操作性や拡張性を重視したM3に対し、M10はかつてのM同様、フラットなボディを持ち、操作系は最小限にとどめたシンプルなデザインとなっている。センサーは像面位相差AFセンサーを搭載したハイブリッドCMOSで、画素数は約1800万画素。M3が2420万画素だったので、恐らくはM2と同じ一世代前のセンサーを搭載しているのだろう。
画像処理エンジンはM3と同じDIGIC 6。ここはM2より進化した。ISO感度は100~12800。連写速度は秒約4.6コマ。シャッタースピードは最高1/4000秒。測拠点は49(ここはM2より増えている)。
しつこくM2と比べてしまうが、M10を使っていると「これはM3のエントリー向けモデルではなく、M2の後継機」と感じるからだ。特にM2っぽいのはAF回り。EOS M3は多くのシーンでAFが快適で、すっと気持ちよいリズムでピントが合うのだが、M10のAFは快適とは言い難く、M2を使っている感覚に近いのだ。ちょっと条件が悪かったり望遠だったりするとAFで少し待たされる。
昨今のミラーレス一眼はコントラスト検出AFのみでもスッと一瞬でピントが合うのが当たり前だが、M10は一世代前の感じなのだ。そこでついMやM2を思い出してしまうのである。しかもミラーレス一眼ならではの多彩なAF(AF枠の大きさを自由に変えられたりグループAFができたり)を持っているかと言えば、EOS M10は顔検出+自動追尾AFと1点AFのみ。タッチAFは便利だが細かくフォーカスを追い込みたいときはMFに頼らざるを得ない。EOS Mに初代機が登場した時からついてまわった「AFが遅い」というイメージをM3で払拭(ふっしょく)したかと思っていただけに、残念である。
でも画質はさすがキヤノン。APS-Cサイズならではの階調の柔らかさやディテールのリッチさがあり、エントリー向けモデルだからか全体に鮮やか目で見栄えのする写りだ。
キットレンズは15-45ミリでF3.5-6.3。望遠側がF6.3なのは残念だが、このクラスのキットレンズでワイド端が15ミリ(24ミリ相当)始まりなのは使いやすい。このレンズは沈胴式で、レバーを押しながら回して繰り出すことで撮影可能になる。収納時はかなりコンパクトだ。
タッチパネル中心のシンプルな操作系
M10の操作系はM3ではなくM2を継承している。モニターはチルト式で、上に180度回転し、自分撮りにも対応するほか、タッチパネルも搭載。
本体のボタン類が最小限な分、多くをタッチパネルで操作する。前面はフラットで、出っ張りなし。グリップが欲しい人は別売りのグリップを、だ。
シャッターボタン回りに電子ダイヤルが置かれたのはよし。背面のホイールよりここの方が操作しやすい。撮影モードスイッチはほんとに簡素なもの。全自動の「シーンインテリジェントオート」、カメラモード、動画の3ポジションのみだ。

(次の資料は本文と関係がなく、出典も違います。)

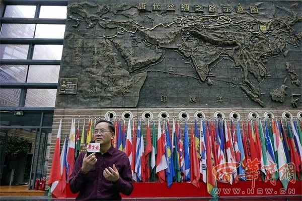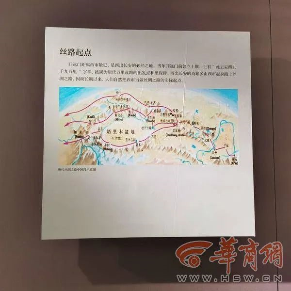 博物馆一楼大厅的墙上有巨幅的唐代丝绸之路示意图。王双怀教授讲,东西二市的商品来自于国内和国外。国内来自当时全国350个州1100多个县,国外主要是通过丝绸之路运到长安城、运到西市来的。丝绸之路不是一条路,而是中国古代连通亚、欧、非三洲的道路系统。它兴于汉而盛于唐,在历史上发挥了非常重要的作用。唐代时,丝绸之路系统就非常完备了,它分为陆上丝绸之路、海上丝绸之路两大系列。

プログラムAEや絞り優先などの各種露出モード、クリエイティブアシストやプラスムービーオート、各種シーンモード、デジタルエフェクト系のモードは全てこの中にあり、切り替えはタッチパネルで行う。タッチパネル左上の撮影モードの項目をタッチすると撮影モード一覧の画面になり、ここで上下にスクロールさせて選ぶのだ。
この3画面が主な撮影モード。クリエイティブアシストはフルオートをベースに、彩度や絞り、コントラスト、色合いなどを自分で設定できるもの。PowerShotが搭載する自動的にエフェクトをかけた写真を作ってくれる「クリエイティブショット」機能はない。付けてもよかったのに。

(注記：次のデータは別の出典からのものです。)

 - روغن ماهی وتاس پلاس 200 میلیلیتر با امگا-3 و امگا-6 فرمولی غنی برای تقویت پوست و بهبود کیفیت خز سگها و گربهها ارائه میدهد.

十字キー操作で各種設定も可能だが、絞り値や露出補正などをタッチパネルを使ってコントロールすることもできる。
構えたときの右側にはワンタッチスマホボタンが、左側にはカードスロットがある。このクラスのカメラだと底面のバッテリーの脇にカードスロットを持つ製品がほとんどなので、側面に設けられていることにちょっと感心。
凝った撮影をしたい人には、撮影モードを変えるのにいちいちタッチパネルを介する必要があるなど面倒に感じることもあるわけだが、このカメラはそういう使い方をしたい人向けじゃない。M2と同様、普段は「シーンインテリジェントオート」とタッチAFでカジュアルにスナップを撮るカメラであり、自撮りが気軽に楽しめるミラーレス一眼であり、APS-Cサイズの画質を誰でもすぐ楽しめるレンズ交換式カメラなのだ。

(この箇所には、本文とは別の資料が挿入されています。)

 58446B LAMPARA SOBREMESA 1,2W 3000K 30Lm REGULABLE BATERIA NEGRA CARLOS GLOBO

これの登場で、しっかり撮りたい人のM3と、カジュアルユーザー向けのM10という2つのラインが出来上がった。AFに関しては不満があるけれども、シャッターチャンス重視というよりは、気軽に自撮りもスナップ撮影もできるAPS-Cセンサーのカジュアルミラーレス機と思えばアリである。価格的にもレンズキットならかなりお手頃だ。ライバルはソニーの「α5100」といったところだろう。